YOUR ASSIGNMENT: Your answer must be the full listing, reproduced exactly, minus any pictures.

[[ DATASET SECTION, beginning ]]

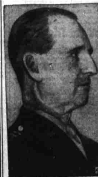
TRAINER—Lt. Gen. Leslie J. McNair (above), in charge of the training of all ground forces of the U. S. Army, aims to make Yanks a tough, smart military organization.
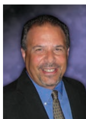
3 President's Report
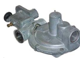
Jeavons J125 Regulators 3/4" to 2"

[[ DATASET SECTION, end ]]

TASK RESPONSE:
TRAINER—Lt. Gen. Leslie J. McNair (above), in charge of the training of all ground forces of the U. S. Army, aims to make Yanks a tough, smart military organization.
3 President's Report
Jeavons J125 Regulators 3/4" to 2"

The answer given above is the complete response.